10時間ぐっすり眠ったあとの日曜、午前5時。
まだ辺りは真っ暗で、みんな寝静まっているが、起きなくてはならない。
朝のトレーニングが私を待っている。
付き人は呑気にまだ寝ている。起こさなくてはならない。
肺活量のトレーニングも兼ねて、大きな声で泣く。
日々のトレーニングのおかげで、私は1−2時間平気で泣き叫び続けられる、と胸を張って言える。
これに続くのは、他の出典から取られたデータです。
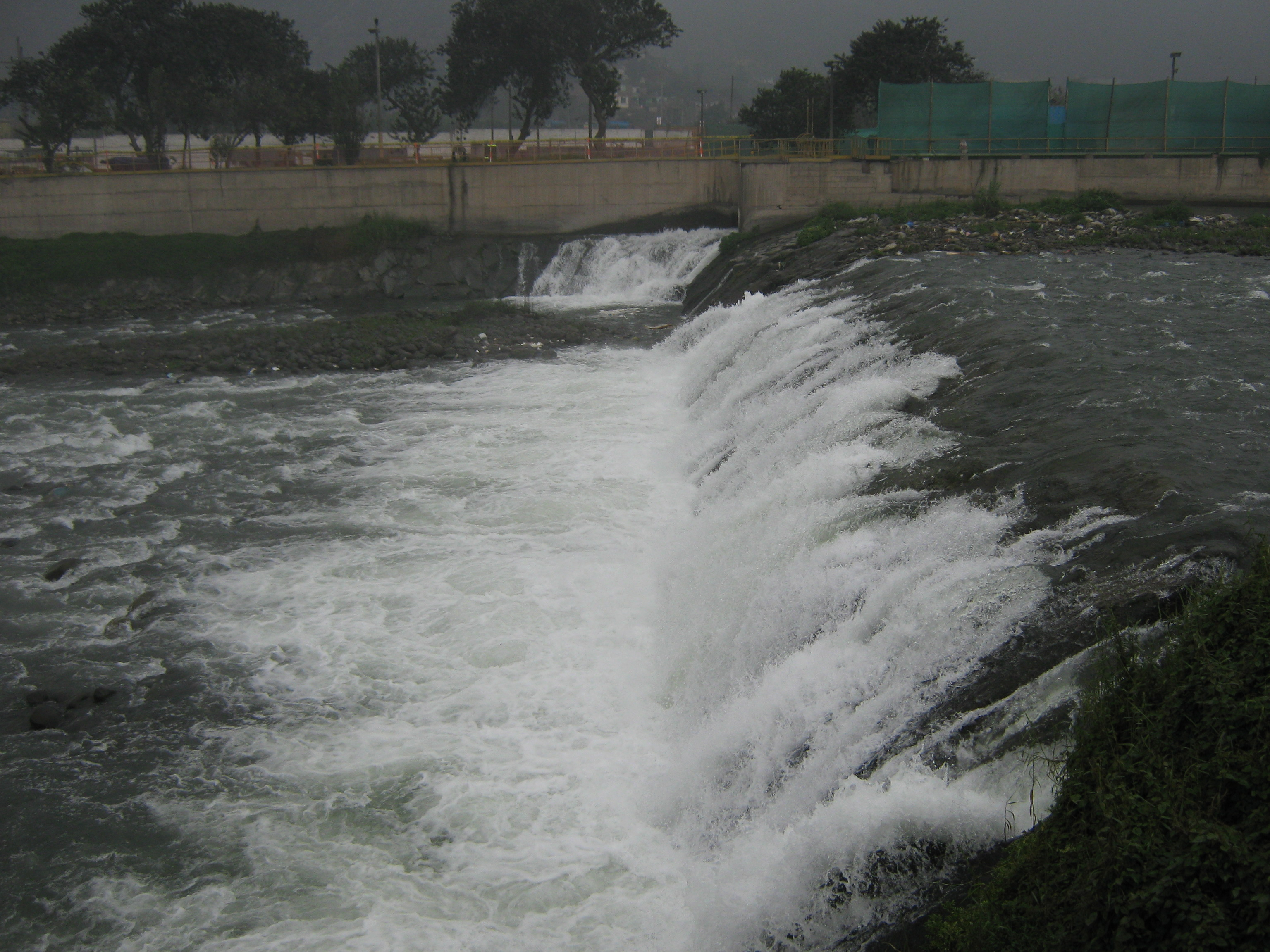 Rímac River seen from Huachipa Zoo, Lima, Peru.

朝に飲む牛乳が大好物だというのに、付き人が、もたもたしているので、より激しく泣いてみせる。
あー、この一杯がたまらない。
私はすっかり目覚めているというのに、付き人は私を暗がりのベッドに座らせようとする。
私にそんなことをしている暇はない。
もちろん、牛乳だけでは、朝食とは呼べない。
付き人に朝ごはんを求める。パンケーキとぶどうを完食。
付き人は、眠そうにあくびばかりしている。根性のないやつだ。
ウォームアップをする。わきで、付き人は床に横たわっている。
かまわず続ける。
もう一人の付き人が起きてきて、髪の長い方の付き人は、ベッドに戻っていった。
坊主の方の付き人と共に、地下にあるジムへ。
ジムでは、ボールを投げたり、トンネルをくぐったり、階段を登ったり、を順に繰り返すサーキットトレーニングに精を出した。
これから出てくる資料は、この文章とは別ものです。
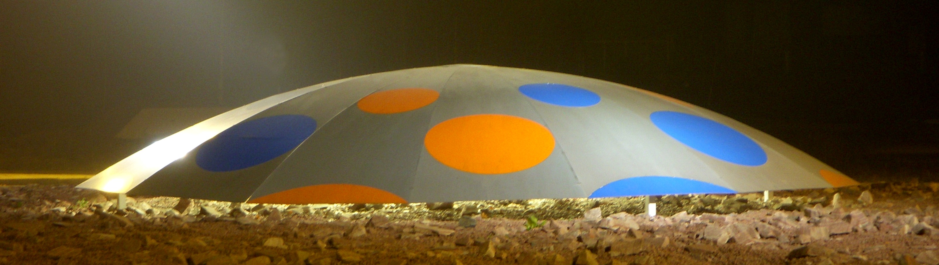 "Lysande Tefat", sculpture by Maria Ängquist-Klyvare in Huddinge, Sweden.

ここ最近は、階段を登るトレーニングに、最大のエネルギーを費やしてきた。
12段ある階段を登り切るには、体力面だけでなく、メンタル面の強化も怠れない。
目の前に立ちはだかる大きな階段に、どう立ち向かっていくか、そして、途中で襲ってくる恐怖心にどう打ち勝つか。
それが課題だった。
そして、今日、私はやり遂げた。
階段を無事登りきり、地下から1階への登頂に成功したのだ。
与力があった私は、登頂成功後も、登ったり降りたりを繰り返した。
付き人達からは、喜びと感嘆の声が聞かれた。しかし、私は極めて冷静であった。
私にとって、これは最初の一歩にしか過ぎない。
より困難な挑戦が私を待っているのだ。そして、私はそれに向けてトレーニングを続けていく。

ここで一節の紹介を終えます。